Women Brand Leaders: Karen Watts of DomiSource On 5 Things You Need to Lead a Highly Successful Brand

Cut fast, rebuild smarter. Right before launch, our entire tech team missed the mark, badly. Timelines slipped. Accountability vanished. I had a choice: patch it, spin it, or pull the plug. I let the whole team go. It was one of the hardest calls I’ve ever made, but also the clearest. I rebuilt fast. Got a new team. Reworked the plan. Relaunched 3 months later with a better product and a real foundation.

What does it take to build and lead a successful brand as a woman? What strategies have worked? What lessons were learned the hard way? What are the most important elements that drive brand success — and how do women navigate leadership in this space? In this interview series we are talking to women who have played a major role in building, shaping, or leading a brand, to share their insights and stories. As a part of this series, I had the pleasure of interviewing Karen Watts.

Karen is a 23-time mover, a systems-obsessed real estate strategist, and a SaaS veteran with a background as a CFO, multiple-time founder, and platform builder. She raised $13.6M for her first startup, has led over 26 property transactions, and brings a uniquely pragmatic lens to brand leadership: one rooted in lived experience, execution over ego, and solving real problems instead of chasing trends.
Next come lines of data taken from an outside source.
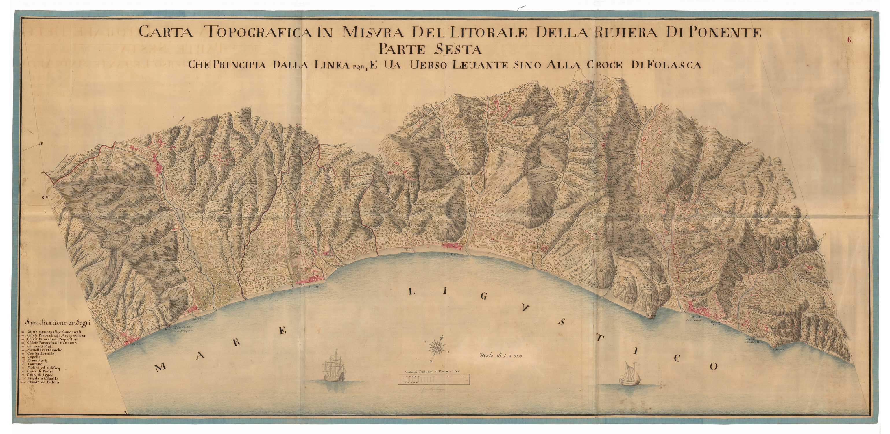 CARTA TOPOGRAFICA IN MISURA DEL LITORALE DELLA RIVERA DI PONENTE PARTE SESTA CHE PRINCIPIA DALLA LINEA PQR, E VA VERSO LEVANTE SINO ALLA CROCE DI FOLASCA RIVIERA DI PONENTE - FOGLIO 6 SEGNI CONVENZIONALI.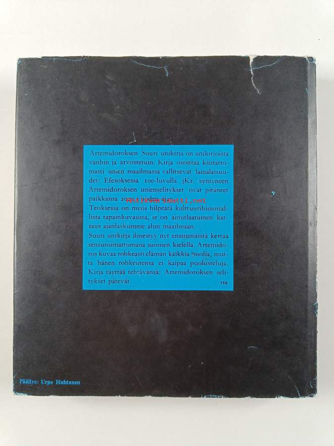 Hyvä. Hieman kulumaa, pienoista rispaantumaa kansissa, edessä vanha hintalappu. Kansipaperin kunto: repeämiä/kulumaa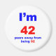 I'm 42 years away from being 92 Humorous 50th birthday design that seems to shave a few years off your age with the very large lettering "I'm 42" and then the much smaller lettering "years away from being 92". Makes a great 50th birthday gift.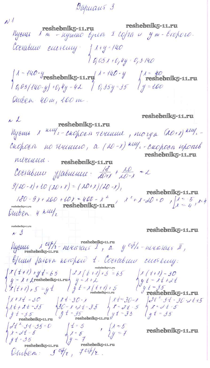 Готовая домашняя работа с ответами по Алгебре за 9 класс Зив, Гольдич Дидактические материалы Виктория плюс 2013 ФГОС - СР-4. Решение задач с помощью уравнений вариант 3

Now, she is the Founder and CEO of DomiSource, a centralized home management platform built to solve the chaos of moving — connecting new residents with trusted local service providers and automating key tasks like utility setup, verified bookings, and home data tracking through a scalable system that brings order to one of life’s most stressful events, while paving the way for every property to have its own Carfax-style report.

Thank you so much for doing this with us! Before we dig in, our readers would like to get to know you a bit more. Can you tell us a bit about your “backstory”? What led you to this particular career path?

Ididn’t grow up dreaming of reinventing home management. I bought my first house at 19 because I didn’t want to waste money on a dorm room. That decision kicked off a 23-move journey across five states, 26 property transactions, 14 remodels, and more spreadsheet tabs than I care to admit.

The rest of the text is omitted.